WHAT THE TASK REQUIRES. Starting at the line that contains "Rafraîchissez la page", write out each line through the end of the data below, exactly as it stands. Skip any pictures.

RECORDED DATA.

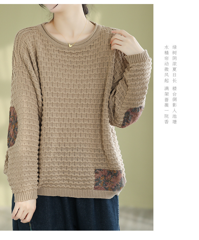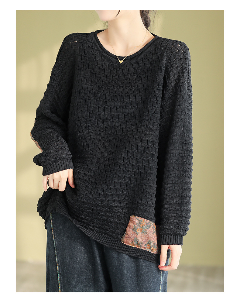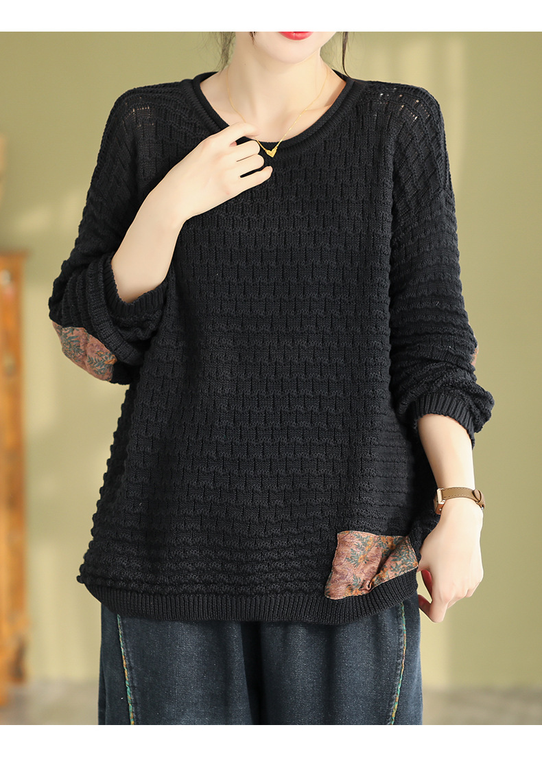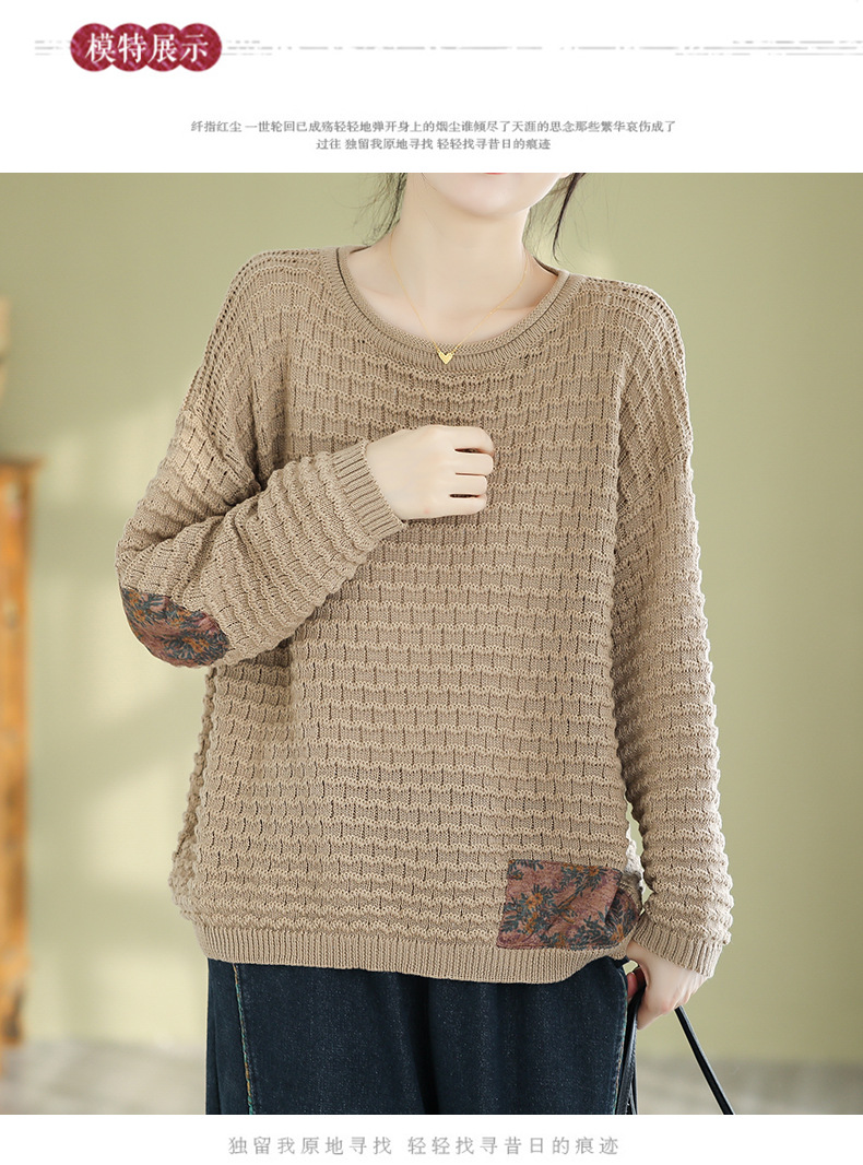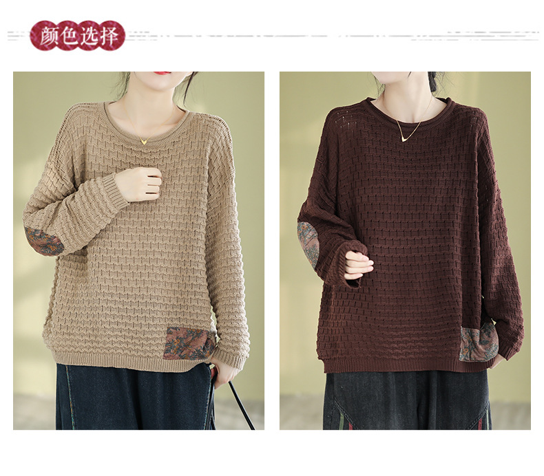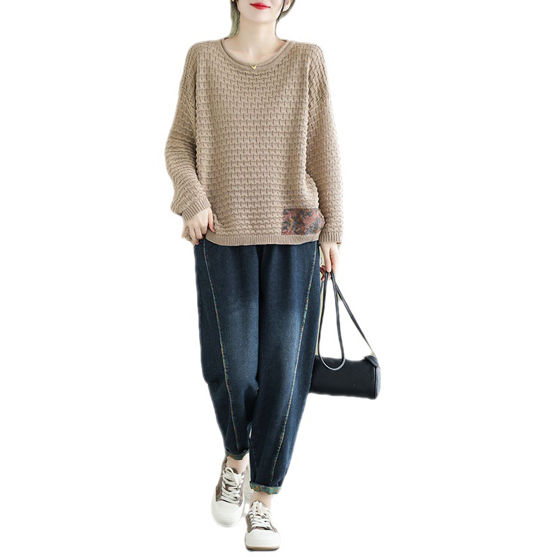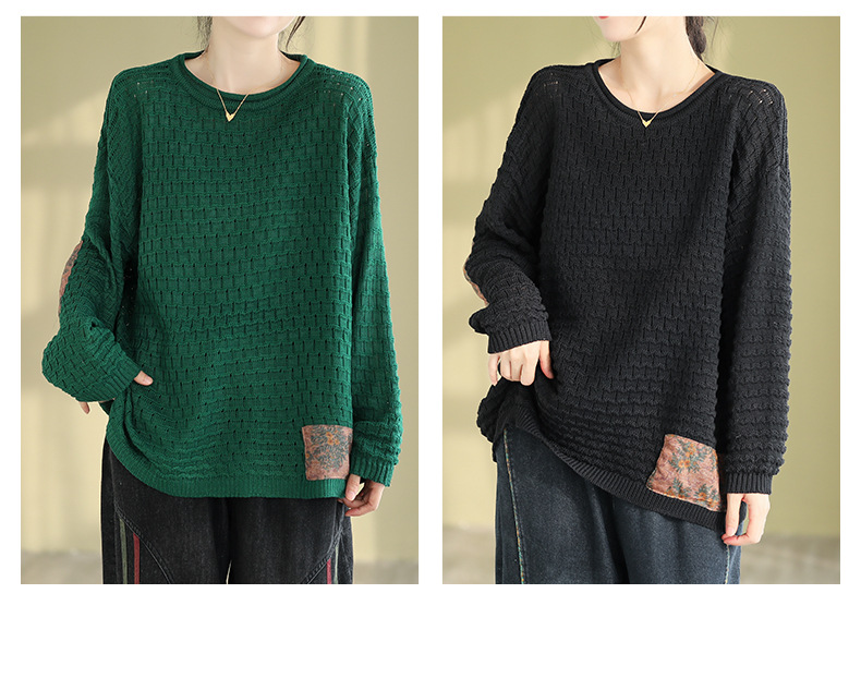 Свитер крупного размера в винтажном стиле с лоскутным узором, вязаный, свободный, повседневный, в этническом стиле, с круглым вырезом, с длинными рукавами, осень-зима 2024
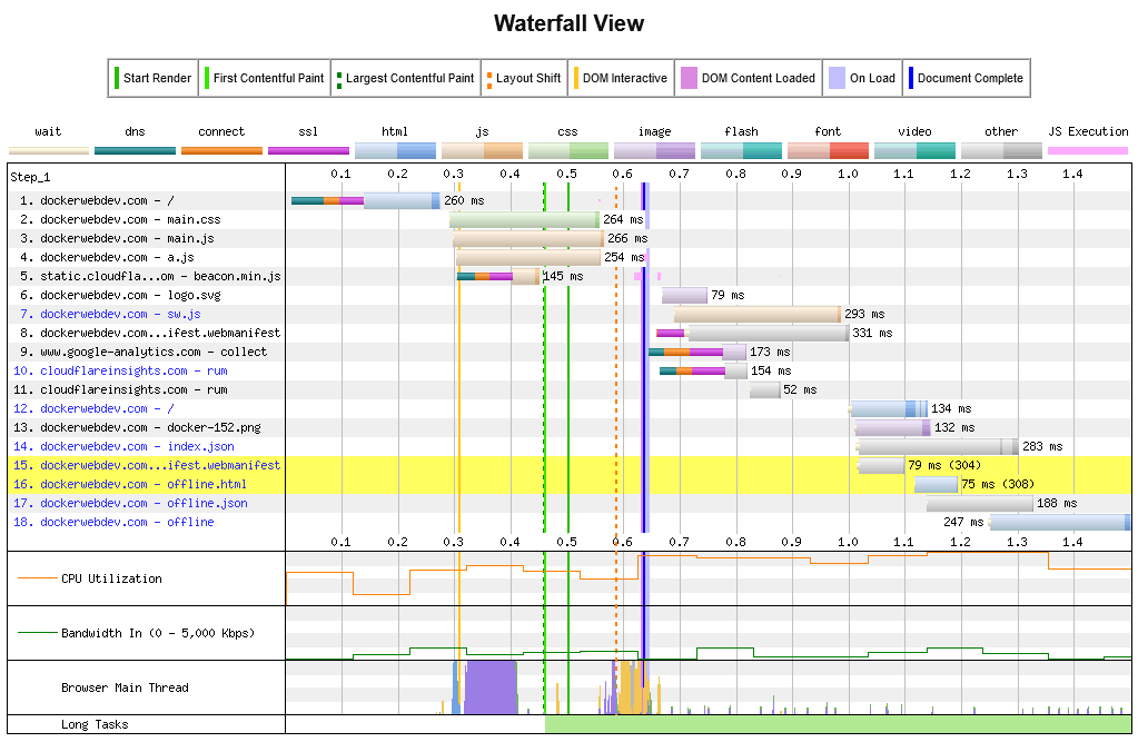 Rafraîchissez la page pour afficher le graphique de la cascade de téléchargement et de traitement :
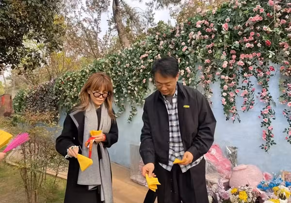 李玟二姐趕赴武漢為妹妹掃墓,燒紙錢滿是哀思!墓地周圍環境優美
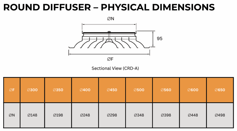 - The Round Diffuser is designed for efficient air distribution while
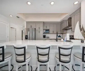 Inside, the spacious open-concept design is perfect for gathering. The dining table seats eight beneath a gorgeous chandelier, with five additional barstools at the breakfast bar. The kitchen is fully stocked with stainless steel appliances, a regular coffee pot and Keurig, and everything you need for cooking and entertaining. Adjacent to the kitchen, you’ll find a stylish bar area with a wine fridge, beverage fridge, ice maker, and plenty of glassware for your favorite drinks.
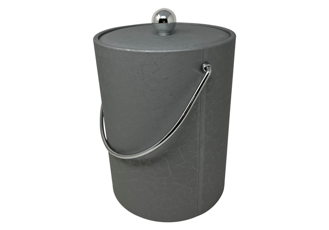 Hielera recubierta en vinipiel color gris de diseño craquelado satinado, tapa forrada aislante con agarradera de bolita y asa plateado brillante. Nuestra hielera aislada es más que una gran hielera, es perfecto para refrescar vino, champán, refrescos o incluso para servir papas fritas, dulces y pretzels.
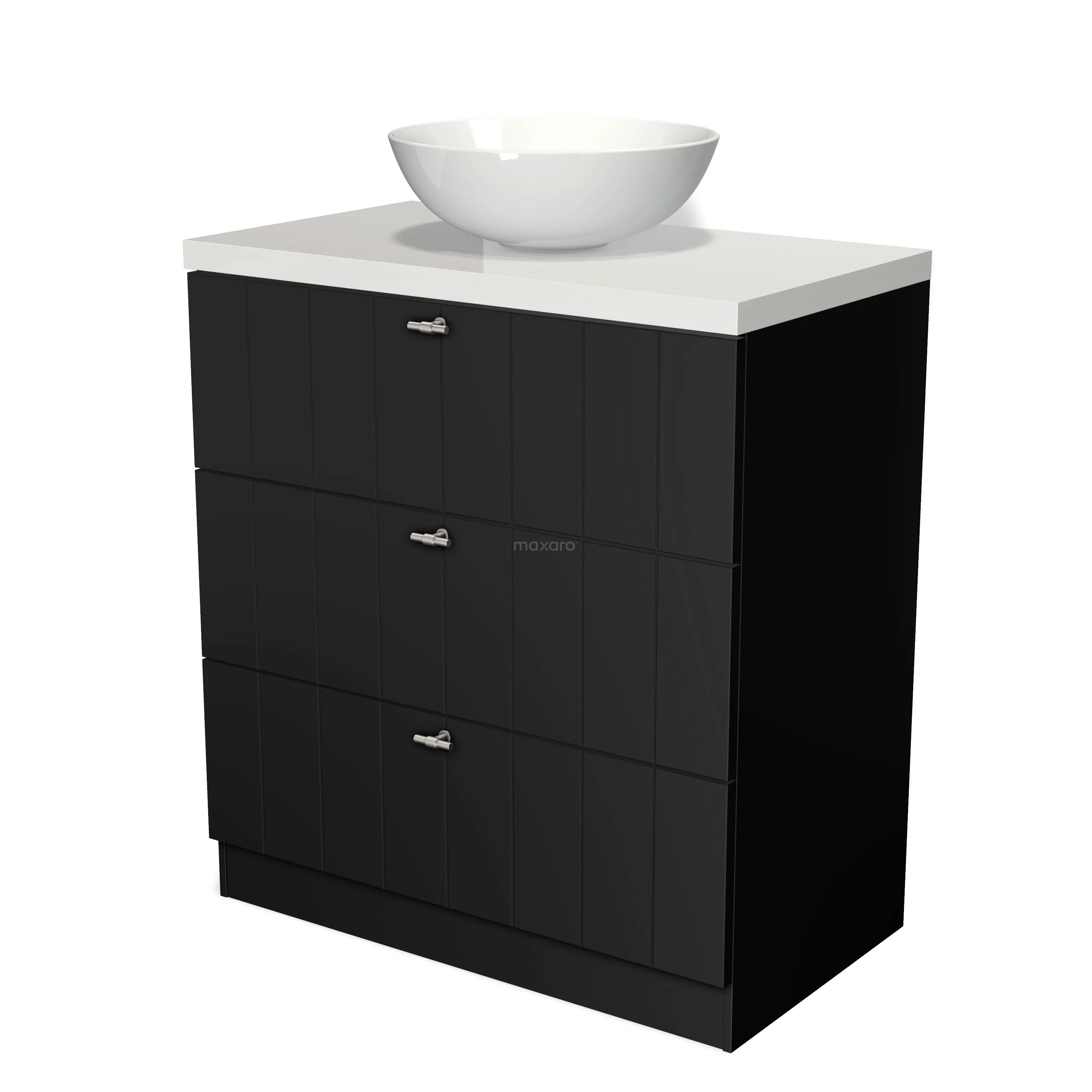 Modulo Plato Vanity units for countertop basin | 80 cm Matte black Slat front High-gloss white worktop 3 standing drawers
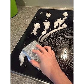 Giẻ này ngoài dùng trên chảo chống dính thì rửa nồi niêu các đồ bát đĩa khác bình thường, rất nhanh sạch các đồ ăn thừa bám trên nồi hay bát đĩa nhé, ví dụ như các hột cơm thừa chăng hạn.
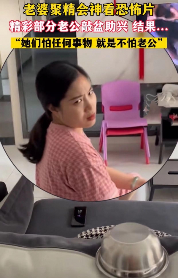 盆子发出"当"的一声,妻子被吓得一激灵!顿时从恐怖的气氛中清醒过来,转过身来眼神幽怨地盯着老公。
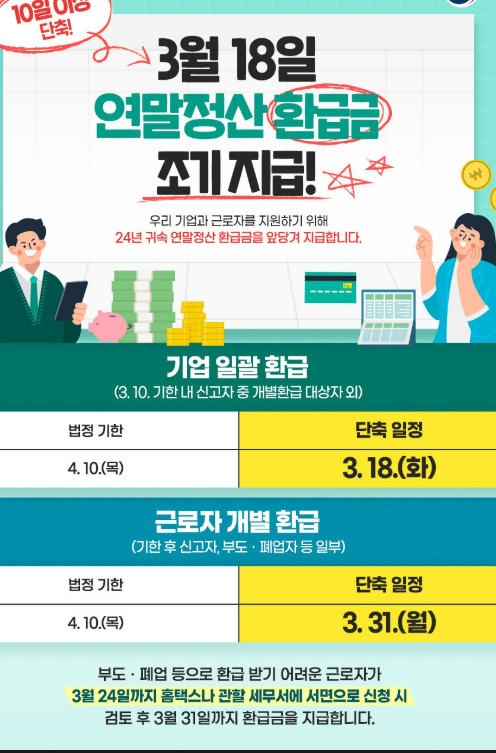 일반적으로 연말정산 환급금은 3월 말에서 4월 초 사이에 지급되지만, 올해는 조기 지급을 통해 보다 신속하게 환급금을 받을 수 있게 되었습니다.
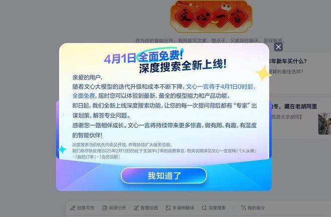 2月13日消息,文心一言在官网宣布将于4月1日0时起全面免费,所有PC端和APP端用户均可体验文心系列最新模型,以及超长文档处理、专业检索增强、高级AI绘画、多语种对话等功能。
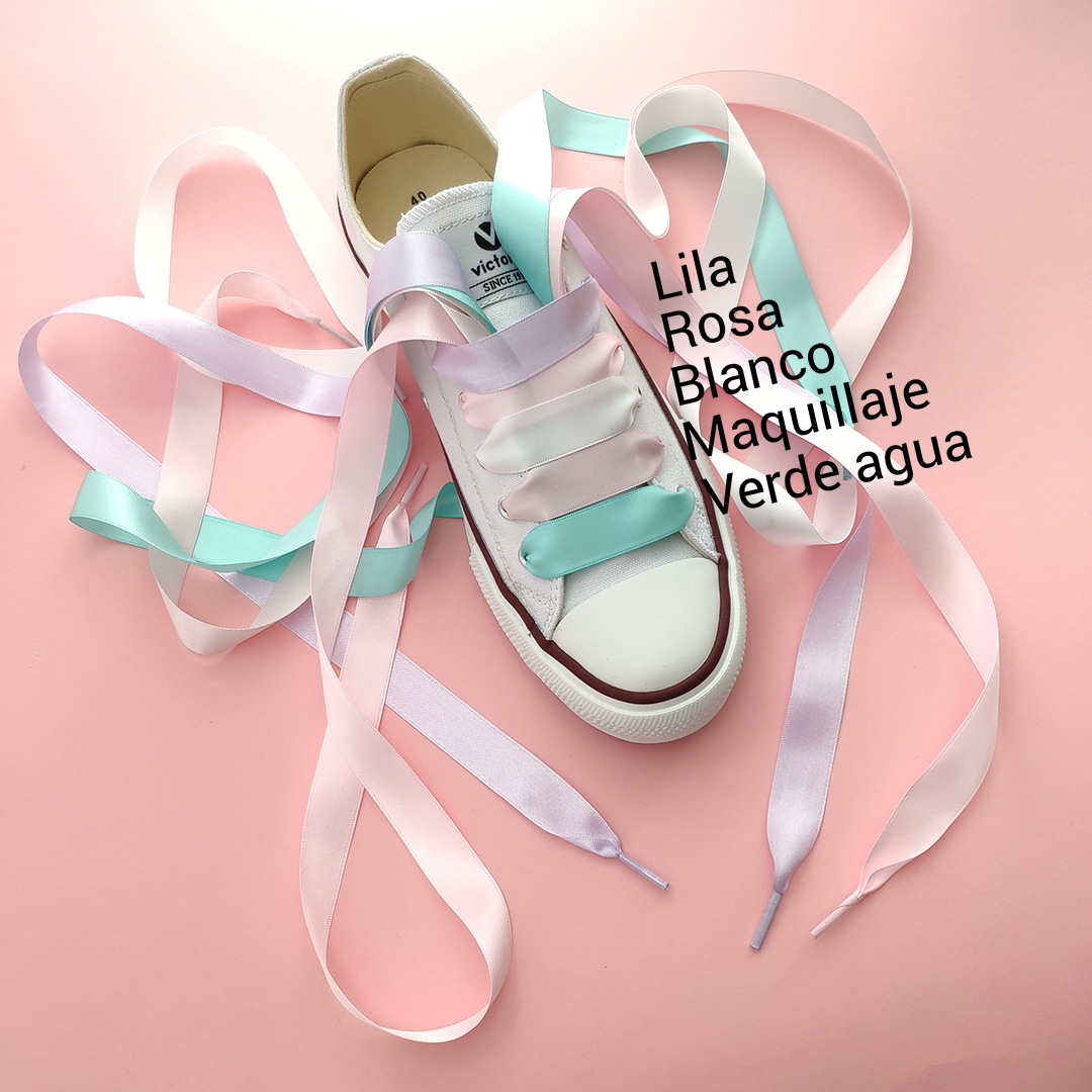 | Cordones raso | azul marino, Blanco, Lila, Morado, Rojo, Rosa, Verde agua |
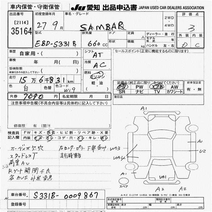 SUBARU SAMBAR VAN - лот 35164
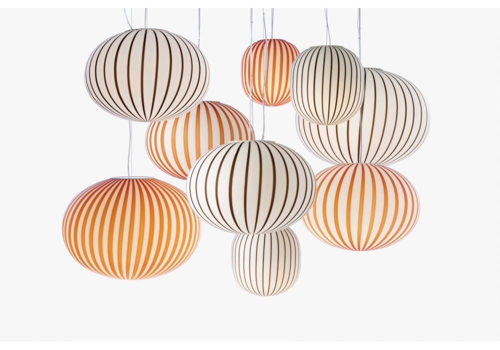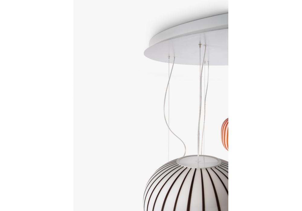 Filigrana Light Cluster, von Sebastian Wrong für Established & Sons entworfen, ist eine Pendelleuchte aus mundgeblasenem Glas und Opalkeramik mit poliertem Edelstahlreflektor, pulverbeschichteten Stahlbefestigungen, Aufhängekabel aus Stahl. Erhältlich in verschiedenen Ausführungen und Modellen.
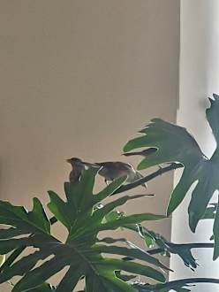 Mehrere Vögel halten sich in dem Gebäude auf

RESULT BELOW.
 Rafraîchissez la page pour afficher le graphique de la cascade de téléchargement et de traitement :
 李玟二姐趕赴武漢為妹妹掃墓,燒紙錢滿是哀思!墓地周圍環境優美
 - The Round Diffuser is designed for efficient air distribution while
 Inside, the spacious open-concept design is perfect for gathering. The dining table seats eight beneath a gorgeous chandelier, with five additional barstools at the breakfast bar. The kitchen is fully stocked with stainless steel appliances, a regular coffee pot and Keurig, and everything you need for cooking and entertaining. Adjacent to the kitchen, you’ll find a stylish bar area with a wine fridge, beverage fridge, ice maker, and plenty of glassware for your favorite drinks.
 Hielera recubierta en vinipiel color gris de diseño craquelado satinado, tapa forrada aislante con agarradera de bolita y asa plateado brillante. Nuestra hielera aislada es más que una gran hielera, es perfecto para refrescar vino, champán, refrescos o incluso para servir papas fritas, dulces y pretzels.
 Modulo Plato Vanity units for countertop basin | 80 cm Matte black Slat front High-gloss white worktop 3 standing drawers
 Giẻ này ngoài dùng trên chảo chống dính thì rửa nồi niêu các đồ bát đĩa khác bình thường, rất nhanh sạch các đồ ăn thừa bám trên nồi hay bát đĩa nhé, ví dụ như các hột cơm thừa chăng hạn.
 盆子发出"当"的一声,妻子被吓得一激灵!顿时从恐怖的气氛中清醒过来,转过身来眼神幽怨地盯着老公。
 일반적으로 연말정산 환급금은 3월 말에서 4월 초 사이에 지급되지만, 올해는 조기 지급을 통해 보다 신속하게 환급금을 받을 수 있게 되었습니다.
 2月13日消息,文心一言在官网宣布将于4月1日0时起全面免费,所有PC端和APP端用户均可体验文心系列最新模型,以及超长文档处理、专业检索增强、高级AI绘画、多语种对话等功能。
 | Cordones raso | azul marino, Blanco, Lila, Morado, Rojo, Rosa, Verde agua |
 SUBARU SAMBAR VAN - лот 35164
 Filigrana Light Cluster, von Sebastian Wrong für Established & Sons entworfen, ist eine Pendelleuchte aus mundgeblasenem Glas und Opalkeramik mit poliertem Edelstahlreflektor, pulverbeschichteten Stahlbefestigungen, Aufhängekabel aus Stahl. Erhältlich in verschiedenen Ausführungen und Modellen.
 Mehrere Vögel halten sich in dem Gebäude auf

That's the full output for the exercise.